Supplied records
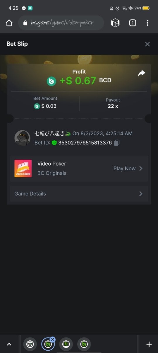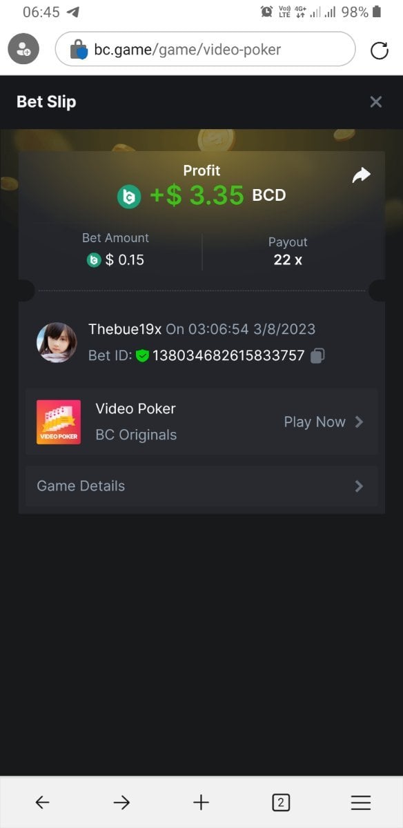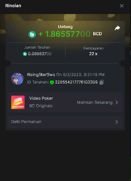 WK_ Posted August 2, 2023 Share Posted August 2, 2023 4 hours ago, Kikikom said: Read Carefully Before Start To Hunt Forum Daily Challenges #315 video poker Hunt : Win the highest pay out Min Payout 6x Min Level 4️Duration Starting : Now End time : 23.59 UTC Time How to Join? Make screenshot + paste your bet link + UID or Profile link Any coin, with min bet 0.01 USD is allowed (jb/bb/bcl not allowed)Reward Prizes 1st Place.....$7 BCD 2nd Place.....$5 BCD 3rd Place.....$4 BCD 4th Place.....$3 BCD 5th Place.....$2 BCD 🏵 Winners will be announcing next day after Roll Point! https://hash.game/#/sd/11F4L4FNVGN5EB UID: 1884076 Link to comment Share on other sites More sharing options...
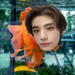 #𝓡ole: sepasang ikan kecil menari pelan di kaca bening, memantulkan cahaya biru putih. aku di sini
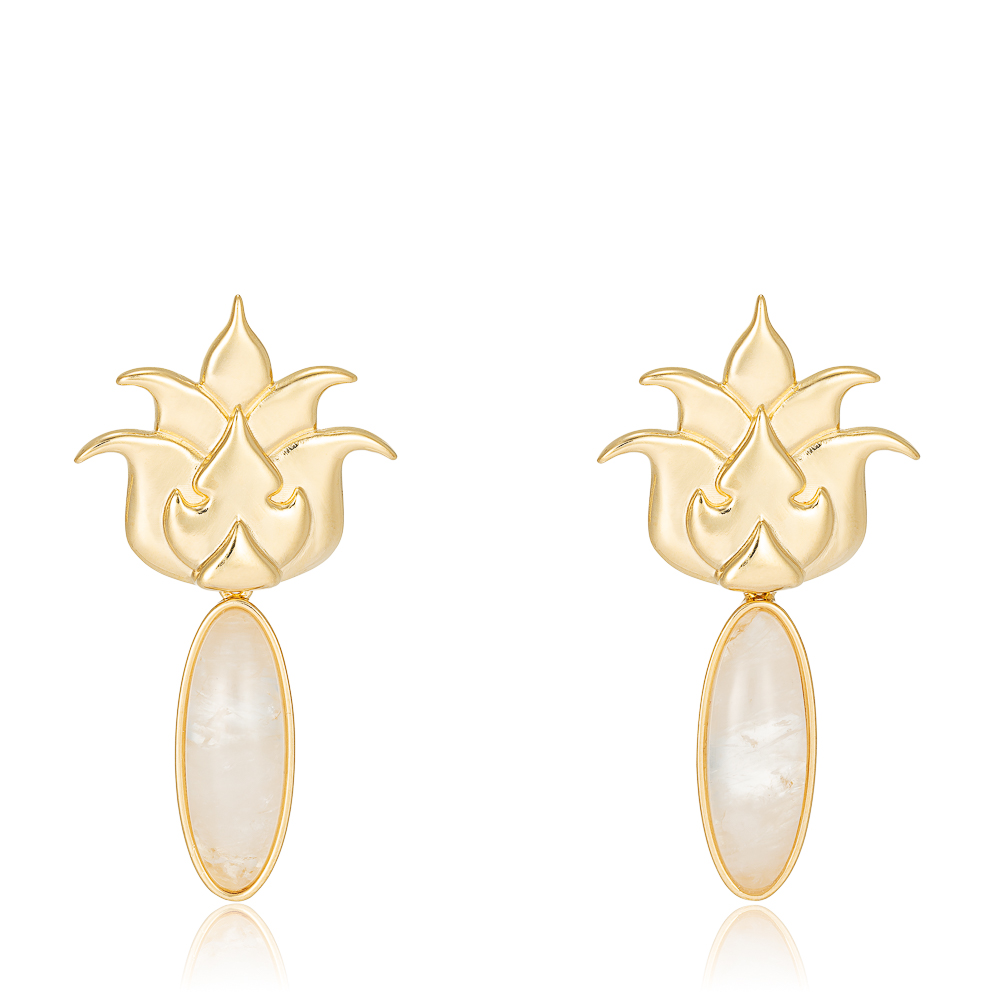 Brinco banhado a ouro com Quartzo Branco e pingente removível para criar novas combinações.
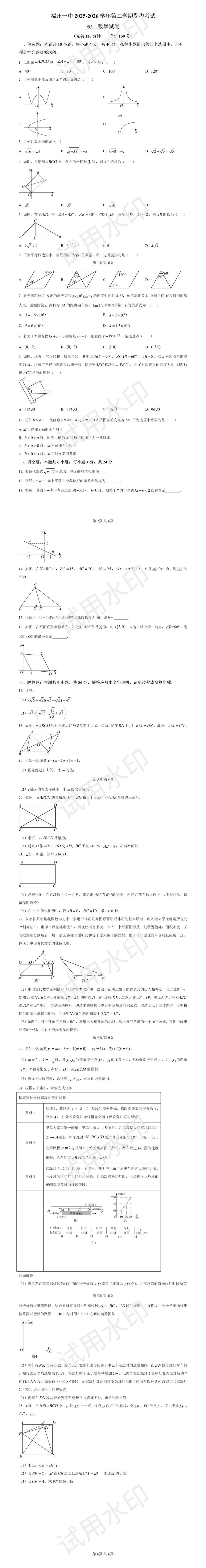 【初二数学】福州一中26年半期考数学试卷
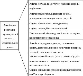 Рис. 9.3. Зміст аналітичної підтримки першого етапу технології управлінських рішень
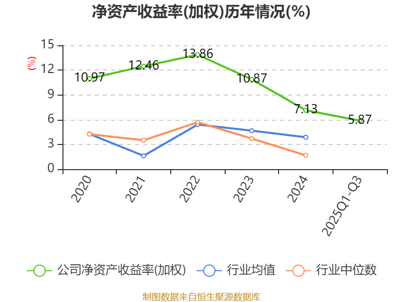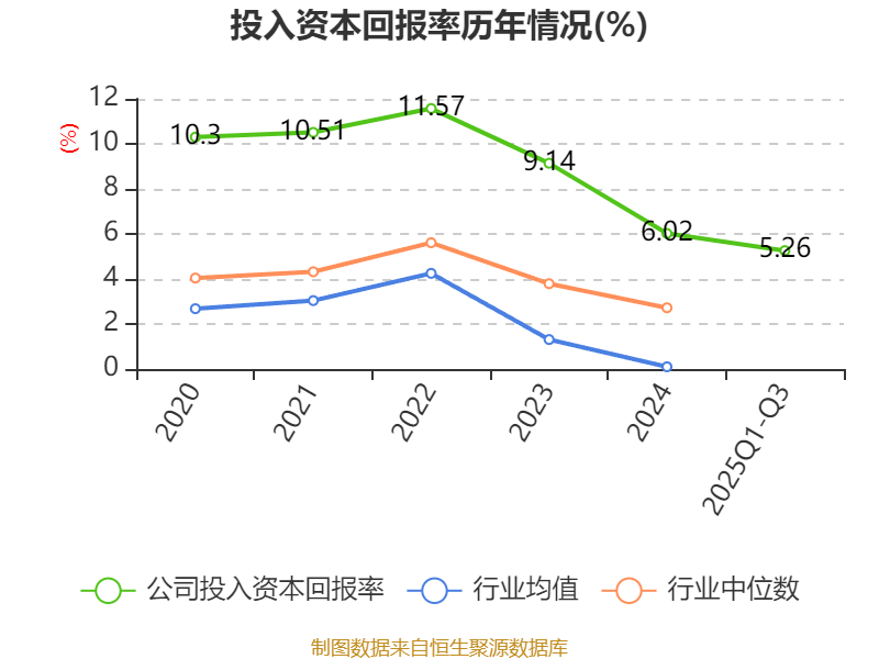 盈利能力方面, 2025年前三季度公司加权平均净资产收益率为5.87%,同比上升0.15个百分点。公司2025年前三季度投入资本回报率为5.26%,较上年同期上升0.55个百分点。
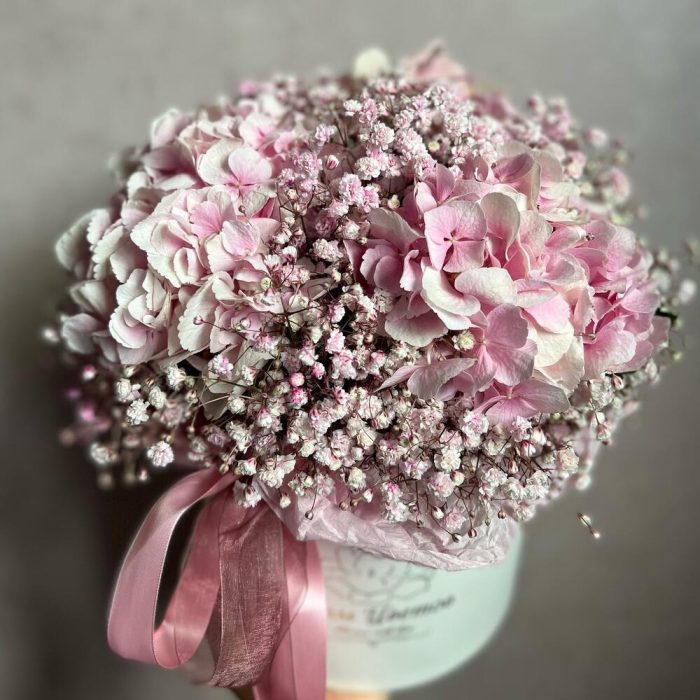 Гортензия в шляпной коробке смотрится очень воздушно, мило и стильно. Так как гортензия объемная, это прекрасный бюджетный и в то же время небанальный вариант.Доставим быстро и бережно.* К сожалению, мы не можем гарантировать 100% копию букета. Ежедневно к нам в салон … Показать ещёприезжают свежие цветы и они могут отличаться друг от друга. Со своей стороны, мы гарантируем соблюсти состав и общий стиль вашего букета. При возникновении вопроса о замене дизайнерской упаковки – мы обязательно свяжемся с вами. Букет из живых цветов мы начинаем собирать после оформления заказа.

Work to complete
Copy only the lines above from the one containing "Brinco banhado a" through the one containing "盈利能力方面, 2025年前", both included. Leave out the pictures.

Worked solution
 Brinco banhado a ouro com Quartzo Branco e pingente removível para criar novas combinações.
 【初二数学】福州一中26年半期考数学试卷
 Рис. 9.3. Зміст аналітичної підтримки першого етапу технології управлінських рішень
 盈利能力方面, 2025年前三季度公司加权平均净资产收益率为5.87%,同比上升0.15个百分点。公司2025年前三季度投入资本回报率为5.26%,较上年同期上升0.55个百分点。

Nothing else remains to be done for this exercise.